The survey, released Tuesday, combined the telephone responses from a nationally representative sample of 1,102 young people, ages 12 to 17, and their parents. Performed from November 2007 through February of this year, and partly funded by the MacArthur Foundation, it had a margin of error of three percentage points.

Among other things, the survey found that:

—Ninety-seven percent of young respondents play video games. That's 99 percent of boys and 94 percent of girls, with little difference in the percentages among various racial and ethnic groups and incomes. In fact, 7 percent of those surveyed said they didn't have a computer at home, but did have a game console, such as Sony Corp.'s PlayStation, Microsoft Corp.'s Xbox or Nintendo Co.'s Wii.

—They play often. When surveyed, half of the respondents said they had played a video game the previous day.

—Their games of choice are as diverse as their tastes in music or TV. Eighty percent of respondents play five or more different game genres, with racing, puzzles, sports and action the most common. Favorites were "Guitar Hero," "Halo 3," "Madden NFL," solitaire and "Dance Dance Revolution."

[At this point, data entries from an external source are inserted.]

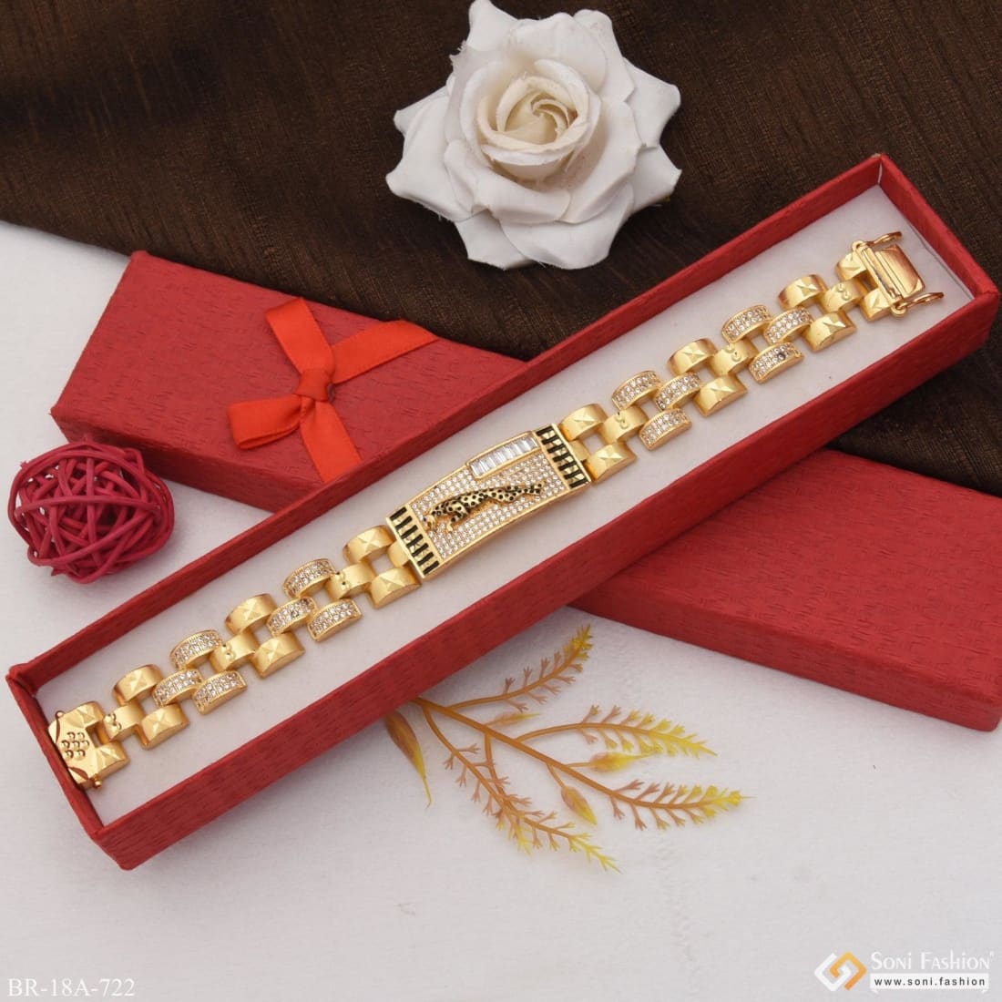 This Very Best Jaguar Bracelet With Diamonds For Men - Style A722 is the perfect mix of luxury and style. Featuring a textured, shining, and royal Rajwadi design, this oval and matt bracelet is limited edition and boasts a hip hop, golden brass, and diamond look. This high-end bracelet has a special Hid_Reg_Plating plus a black bracelet finish.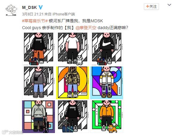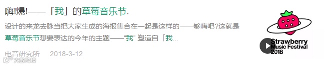 除了微博平台的推广曝光外,微信平台上,音乐类KOL——@电音研究所、@摩登音乐台等也通过此次草莓音乐节个性化的「我」,进行宣传推广。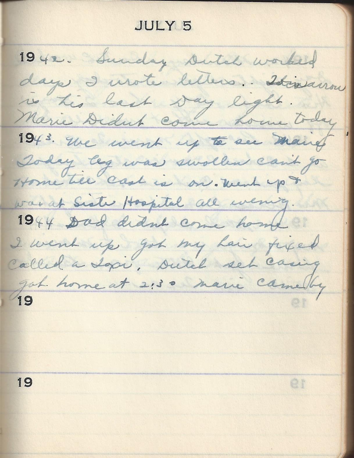 1943 We went up to see Marie Today leg was swollen can’t go Home till cast is on. Went up & was at Sister Hospital all evening.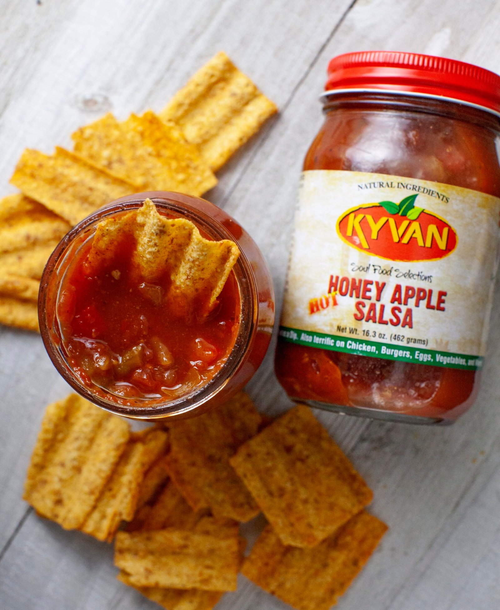 Mild Honey Apple Salsa:Â This slowly simmered, premium salsa featuring fresh robust tomatoes and peppers is a sure way to excite your tastebuds. With a touch of honey combined with an array of spices, KYVAN salsa is a great compliment to any dish. Unlike typical salsas that we commonly see, it has a refreshing southern taste mixed with apples and fresh vegetables. One taste and the possibilities become unlimited.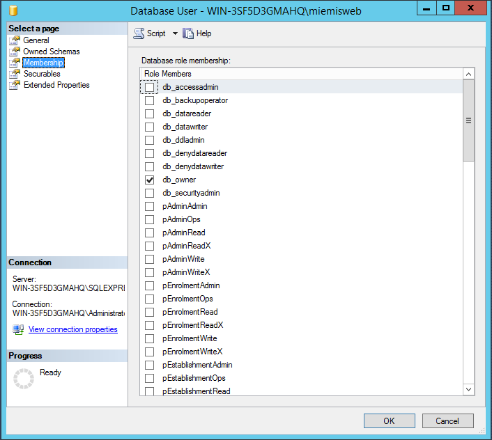 Next assign the db_owner to that new user in Membership as shown below.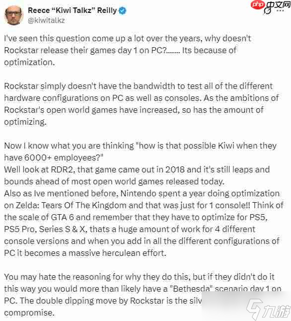 Kiwi Talkz表示:“R星根本没有足够精力,既做好主机平台的优化,还同时测试PC平台所有不同的硬件配置。随着R星开放世界游戏的规模不断扩大,优化工作量也随之增加。”

Poor Ben thinks he's very badly treated because video games are banned in this household.

Ben has a tendency towards electronic media addiction. My cure for it is to not have it on hand. Our television set is in the master bedroom so it is out of sight and out of mind for him. If I let him, he'd watch videos all day long. I ended up telling him that he has to earn video minutes with reading minutes.

Right now his dearest desire is to own a hand held video game thingy. I think though that he's coming to the realization that he is not going to own one any time soon.

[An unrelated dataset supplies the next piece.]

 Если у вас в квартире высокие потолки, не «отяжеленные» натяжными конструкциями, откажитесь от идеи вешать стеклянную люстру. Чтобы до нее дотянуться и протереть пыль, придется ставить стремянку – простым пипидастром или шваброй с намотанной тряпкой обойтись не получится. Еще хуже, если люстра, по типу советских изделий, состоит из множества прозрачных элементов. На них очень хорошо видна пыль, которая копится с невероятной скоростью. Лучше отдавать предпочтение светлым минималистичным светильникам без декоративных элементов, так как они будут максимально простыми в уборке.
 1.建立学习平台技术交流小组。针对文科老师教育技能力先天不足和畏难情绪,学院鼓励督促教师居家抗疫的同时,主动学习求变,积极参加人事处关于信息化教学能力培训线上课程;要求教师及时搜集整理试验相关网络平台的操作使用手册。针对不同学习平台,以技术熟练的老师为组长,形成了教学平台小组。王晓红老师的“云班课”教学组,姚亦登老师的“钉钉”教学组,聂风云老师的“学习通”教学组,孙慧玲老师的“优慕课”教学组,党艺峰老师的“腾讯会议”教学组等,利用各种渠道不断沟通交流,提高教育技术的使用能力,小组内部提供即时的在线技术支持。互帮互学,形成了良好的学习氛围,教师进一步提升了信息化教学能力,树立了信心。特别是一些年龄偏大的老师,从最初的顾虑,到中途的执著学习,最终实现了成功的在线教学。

One day he'll thank me for reading Jane Healey's book, "Failure to Connect", but for now he thinks he's very hard done by because of our family stance on electronic media.

4 comments:

Lydia Netzer said...

Fortunately for Ben, his mother spends a lot of time devising interesting, engaging things for him to do that do not involve rectangular screens. :)

We're fairly big on the rectangular screens around here, but I'd be a pretty big hypocrit if I didn't let the kids play video games when I'm such a big fan myself!

Lydia Netzer said...

I just misspelled hypocrite. Does this make me a hypocrite for making Benny write "relevant" and "alliteration" four times each today? Or maybe a hypocrit?

Anonymous said...

Max is the same way. We haven't unpacked the video games since we moved, and we don't plan to any time soon. He just gets too addicted to them. I truly wish he could be satisfied with a little game-time here and there, but that does NOT work for him. It's all or nothing. Fortunately, like you said, the out-of-sight out-of-mind works pretty well (so far!)

alaina said...

I wonder what kind of questions they asked the kids? If someone asked my children if they PLAY video games, they would say yes; yet, we don't OWN any video games. They'd also say that guitar hero is their favorite game and they would probably sound like experts, but the only time they played it was over a weekend at a cousin's house back in July...:)

Julian gets addicted to electronic things, too, which is why I won't own a game console. I inherited a playstation from my sister's belongings and I sold it on eBay. Then Dan's sister offered us a different one (gamecube?) and was rather shocked when we thanked her but declined! lol!